Я с детства не могу отделаться от странного чувства неловкости, когда оказываюсь лицом к лицу со слепым; я испытываю стыд и смущение при мысли, что вот передо мной живой человек, который воспринимает меня как-то совсем иначе, нежели я его. Так и теперь, глядя на устремленные в пустоту безжизненные зрачки под седыми косматыми бровями, я вынужден был сделать усилие, чтобы подавить охвативший было меня страх. Впрочем, слепой не дал мне времени предаваться этому чувству; едва моя рука коснулась его руки, он с силой потряс ее и возобновил свои громогласные, бурные приветствия.

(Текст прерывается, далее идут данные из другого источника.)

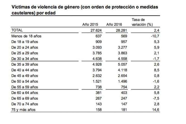 Son datos de la Estadística de Violencia Doméstica y de Género del Instituto Nacional de Estadística (INE), que analiza los datos sobre las personas que se inscribieron en 2016 en el Registro Central del Ministerio de Justicia y que recoge las víctimas con medidas cautelares o de protección.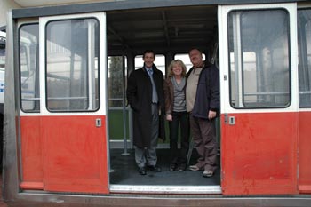 L'assessore provinciale Thomas Widmann ha consegnato una delle vecchie cabine in funzione lungo la funivia del Renon al nuovo proprietario. Si tratta di Franz Heel, di Lana, che ora la esporrà all'interno del giardino di una pensione.

— Вот уж поистине редкий гость, — улыбаясь во весь рот, грохотал он, — в самом деле, разве не чудо, что в нашу берлогу забрел такой важный господин из Берлина… Однако, если кто-нибудь из господ антикваров пускается в путь, надо держать ухо востро. У нас говорят: «Пришли цыгане — запирай ворота…» Догадываюсь, зачем вы пожаловали… В нашей несчастной, нищей Германии совсем не стало покупателей, вот господа антиквары и вспомнили о своих старых клиентах и отправились на поиски заблудших овечек. Боюсь только, что у меня вам не посчастливится. Мы, бедные старики пенсионеры, рады теперь уж и тому, если имеем кусок хлеба. Нам не по карману нынешние безумные цены… Нет, наша песенка спета…
Я поспешил заверить старика, что он неправильно понял цель моего посещения и что я приехал вовсе не затем, чтобы предлагать ему мой товар, а просто-напросто оказался в этих местах и не хотел упустить случай засвидетельствовать свое почтение старому клиенту нашей фирмы и одному из крупнейших немецких коллекционеров.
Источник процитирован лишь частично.